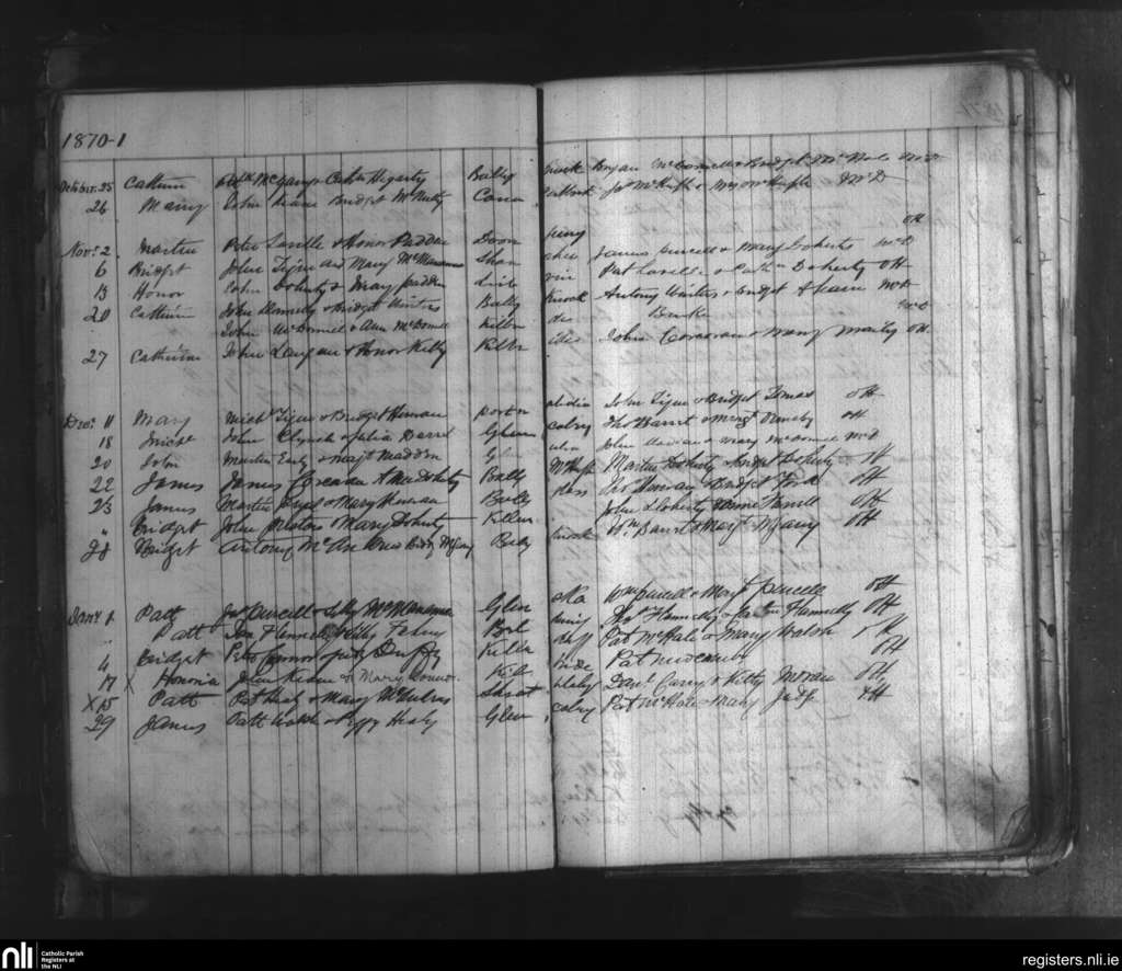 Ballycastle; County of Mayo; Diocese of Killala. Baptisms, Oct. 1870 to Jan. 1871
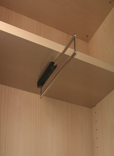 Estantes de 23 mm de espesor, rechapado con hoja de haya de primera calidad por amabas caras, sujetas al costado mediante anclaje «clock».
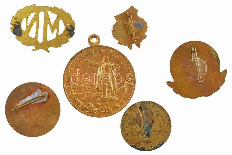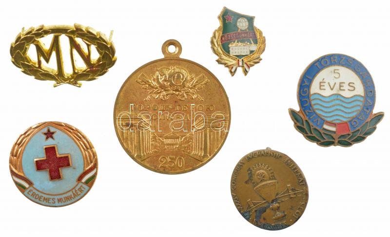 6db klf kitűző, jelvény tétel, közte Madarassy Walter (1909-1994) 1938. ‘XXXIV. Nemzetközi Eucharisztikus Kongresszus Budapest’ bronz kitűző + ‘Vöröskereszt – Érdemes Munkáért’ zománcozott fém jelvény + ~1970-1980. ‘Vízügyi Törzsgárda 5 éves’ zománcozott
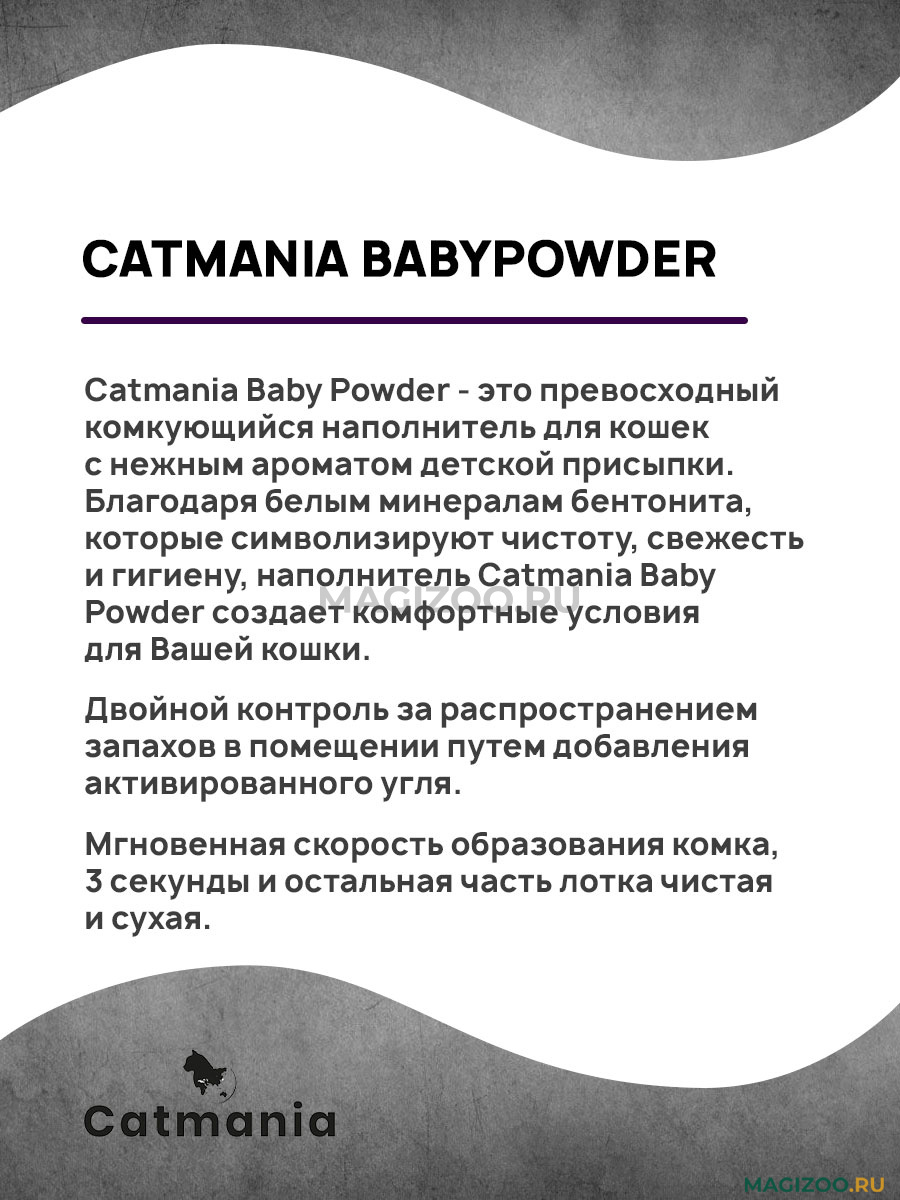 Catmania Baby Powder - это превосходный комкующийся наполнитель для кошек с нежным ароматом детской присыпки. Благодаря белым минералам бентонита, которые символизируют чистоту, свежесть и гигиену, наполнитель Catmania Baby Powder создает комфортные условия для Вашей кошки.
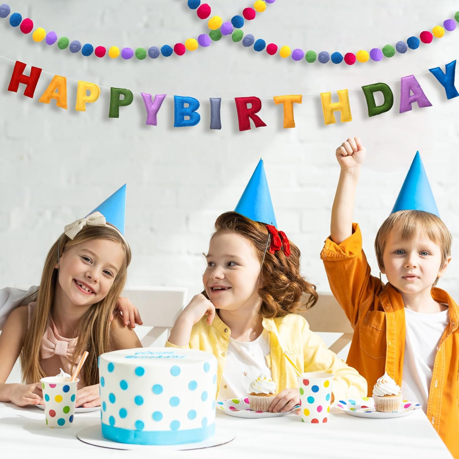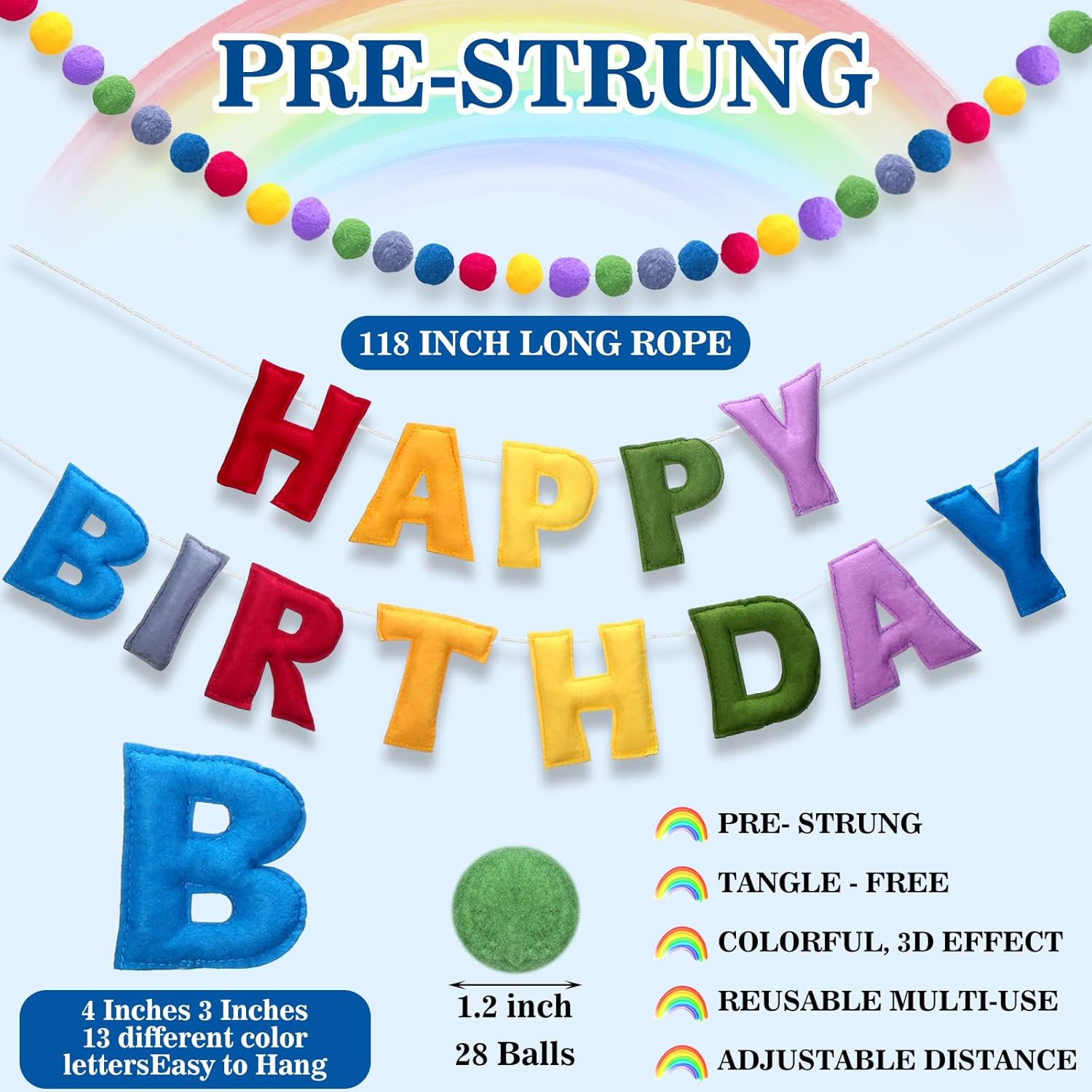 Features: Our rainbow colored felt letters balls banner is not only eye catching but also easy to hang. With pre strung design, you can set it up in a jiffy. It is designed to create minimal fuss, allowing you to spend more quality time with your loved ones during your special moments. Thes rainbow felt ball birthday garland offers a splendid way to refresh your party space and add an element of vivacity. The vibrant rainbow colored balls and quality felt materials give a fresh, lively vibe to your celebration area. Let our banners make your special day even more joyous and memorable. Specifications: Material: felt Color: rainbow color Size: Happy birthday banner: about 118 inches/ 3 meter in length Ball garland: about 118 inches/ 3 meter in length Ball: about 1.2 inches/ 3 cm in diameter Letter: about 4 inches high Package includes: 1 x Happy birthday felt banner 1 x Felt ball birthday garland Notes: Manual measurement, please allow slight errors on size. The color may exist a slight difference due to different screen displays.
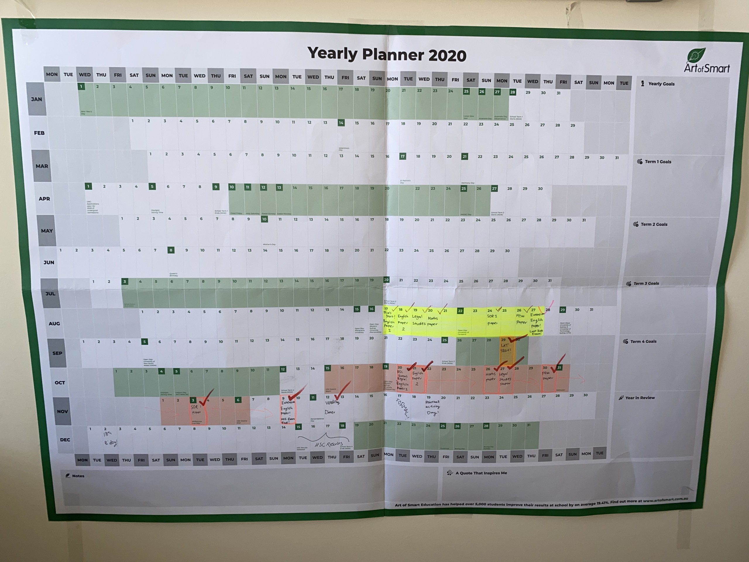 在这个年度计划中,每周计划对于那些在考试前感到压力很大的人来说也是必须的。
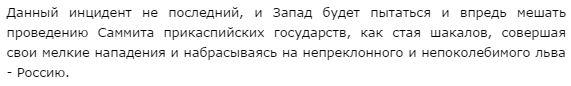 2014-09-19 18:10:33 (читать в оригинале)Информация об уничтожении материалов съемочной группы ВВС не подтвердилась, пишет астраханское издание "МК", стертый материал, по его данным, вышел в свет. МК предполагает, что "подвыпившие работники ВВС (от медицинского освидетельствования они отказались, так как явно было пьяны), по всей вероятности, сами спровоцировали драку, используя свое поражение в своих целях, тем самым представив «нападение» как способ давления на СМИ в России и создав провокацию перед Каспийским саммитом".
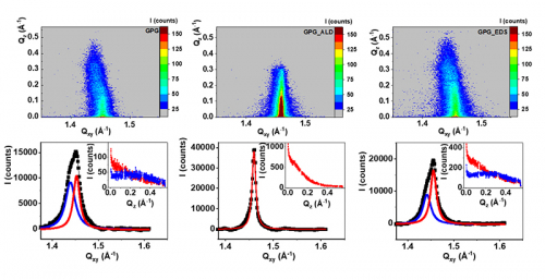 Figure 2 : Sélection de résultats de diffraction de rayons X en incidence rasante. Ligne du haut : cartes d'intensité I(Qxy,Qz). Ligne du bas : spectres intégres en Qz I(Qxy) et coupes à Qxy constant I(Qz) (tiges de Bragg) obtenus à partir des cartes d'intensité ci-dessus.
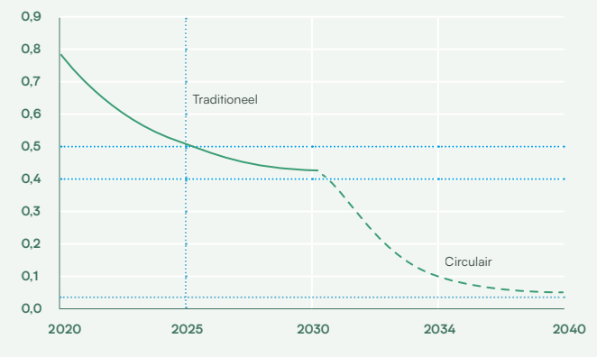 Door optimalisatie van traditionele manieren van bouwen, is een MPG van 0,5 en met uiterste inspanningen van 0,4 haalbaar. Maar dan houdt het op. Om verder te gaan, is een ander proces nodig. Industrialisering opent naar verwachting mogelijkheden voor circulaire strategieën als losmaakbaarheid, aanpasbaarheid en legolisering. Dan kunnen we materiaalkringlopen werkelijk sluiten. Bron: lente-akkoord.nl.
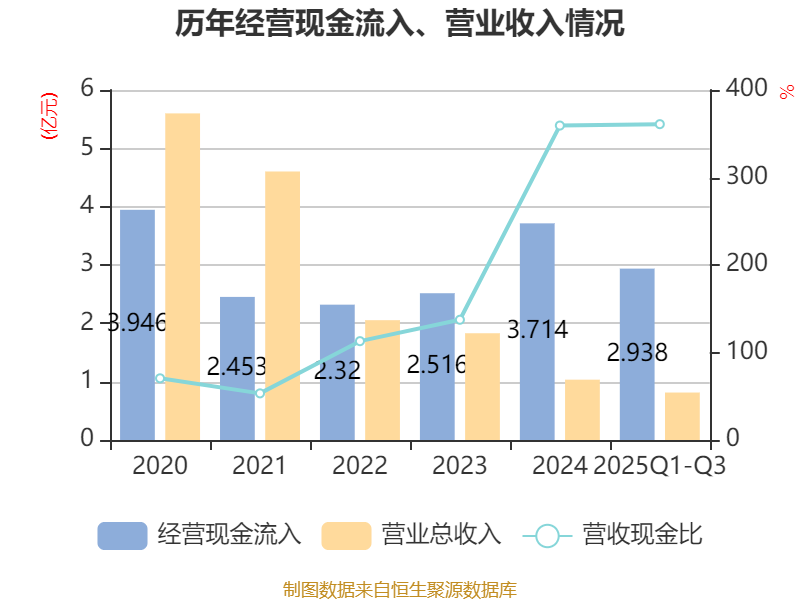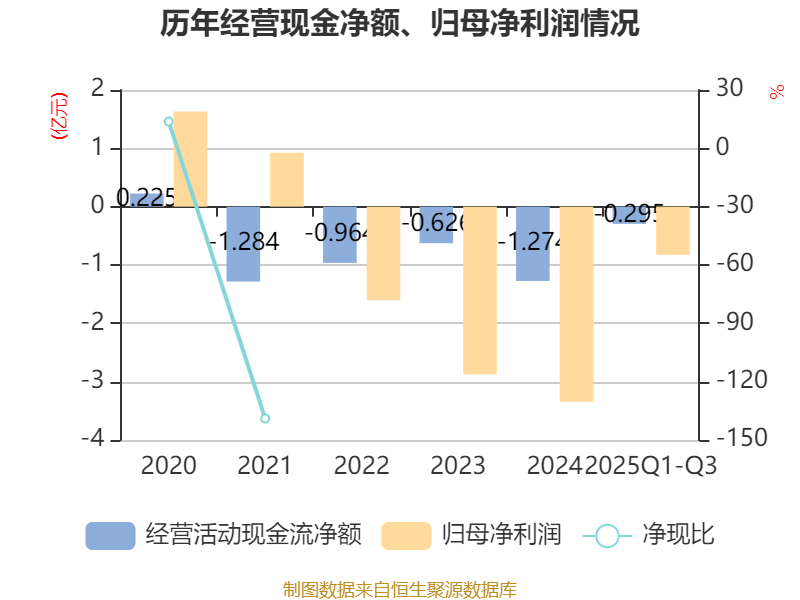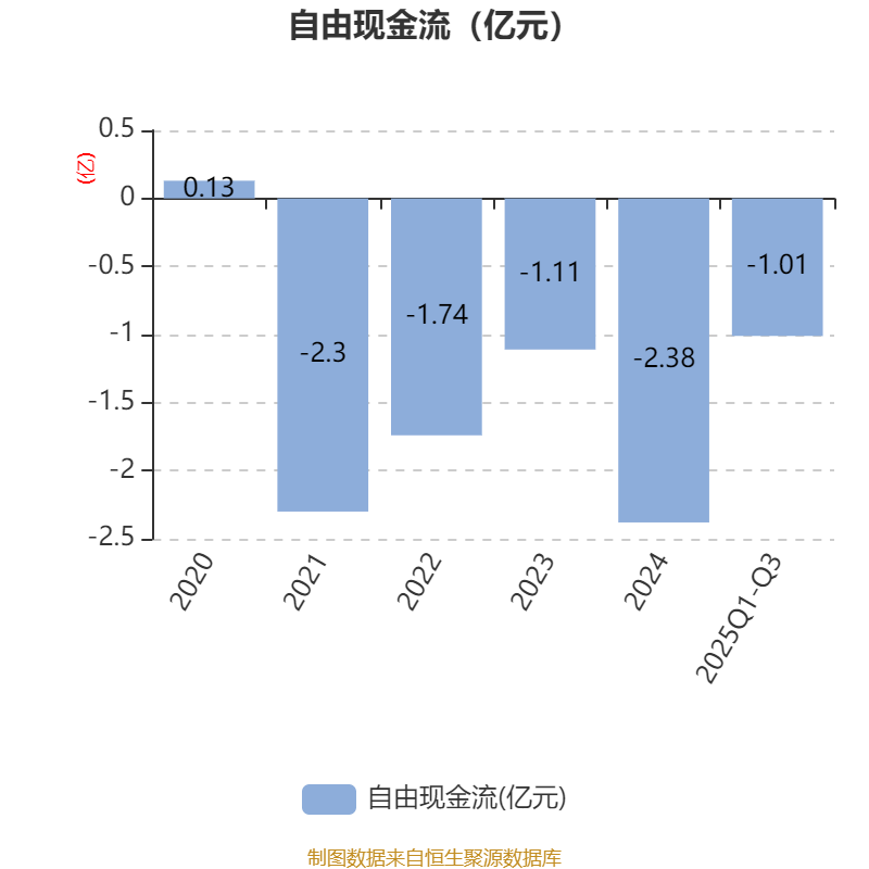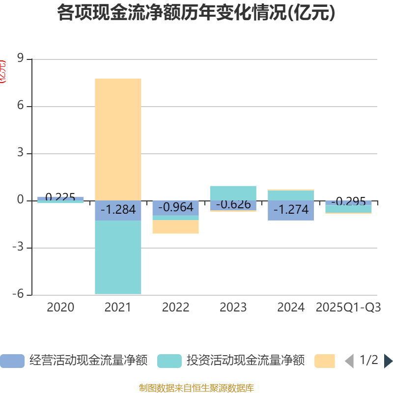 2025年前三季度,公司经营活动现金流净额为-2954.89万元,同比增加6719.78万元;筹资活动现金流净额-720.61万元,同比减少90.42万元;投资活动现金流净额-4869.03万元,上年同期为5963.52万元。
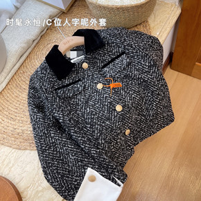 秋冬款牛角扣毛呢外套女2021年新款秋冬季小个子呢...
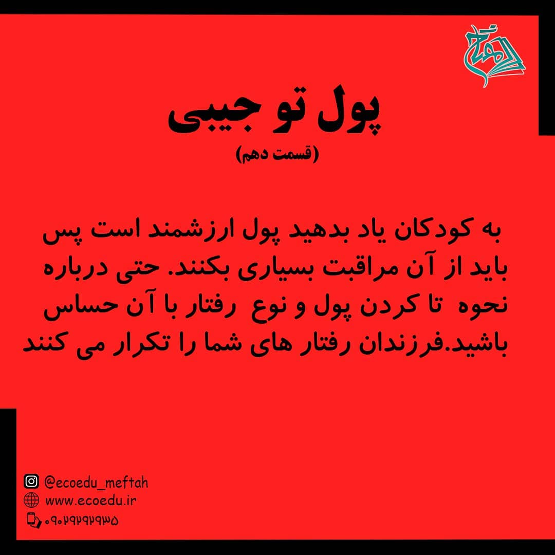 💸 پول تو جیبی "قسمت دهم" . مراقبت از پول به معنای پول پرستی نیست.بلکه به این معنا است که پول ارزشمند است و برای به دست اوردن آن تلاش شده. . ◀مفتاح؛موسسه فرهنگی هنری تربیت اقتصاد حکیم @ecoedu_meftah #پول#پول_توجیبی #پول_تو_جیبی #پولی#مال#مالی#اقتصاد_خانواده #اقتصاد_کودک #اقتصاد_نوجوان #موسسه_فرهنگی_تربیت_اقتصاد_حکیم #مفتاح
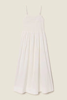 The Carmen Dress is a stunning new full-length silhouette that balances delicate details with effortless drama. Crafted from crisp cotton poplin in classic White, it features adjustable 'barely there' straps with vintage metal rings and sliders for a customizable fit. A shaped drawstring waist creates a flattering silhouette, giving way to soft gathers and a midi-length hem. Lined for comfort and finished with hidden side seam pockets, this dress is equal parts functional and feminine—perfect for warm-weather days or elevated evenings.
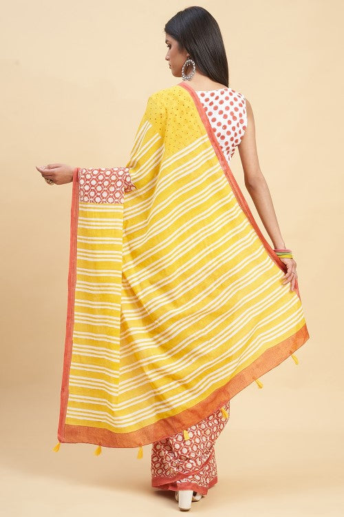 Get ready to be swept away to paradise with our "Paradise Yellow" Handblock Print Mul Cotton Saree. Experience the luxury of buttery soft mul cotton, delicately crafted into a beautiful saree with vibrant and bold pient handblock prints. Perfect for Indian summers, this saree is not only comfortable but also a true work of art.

----------------------------------------

## Exercise requirements
Word for word, write out the lines from the top of the records above down to the line holding "Estantes de 23", inclusive, but not the pictures.

## Solution below
 Ballycastle; County of Mayo; Diocese of Killala. Baptisms, Oct. 1870 to Jan. 1871
 Estantes de 23 mm de espesor, rechapado con hoja de haya de primera calidad por amabas caras, sujetas al costado mediante anclaje «clock».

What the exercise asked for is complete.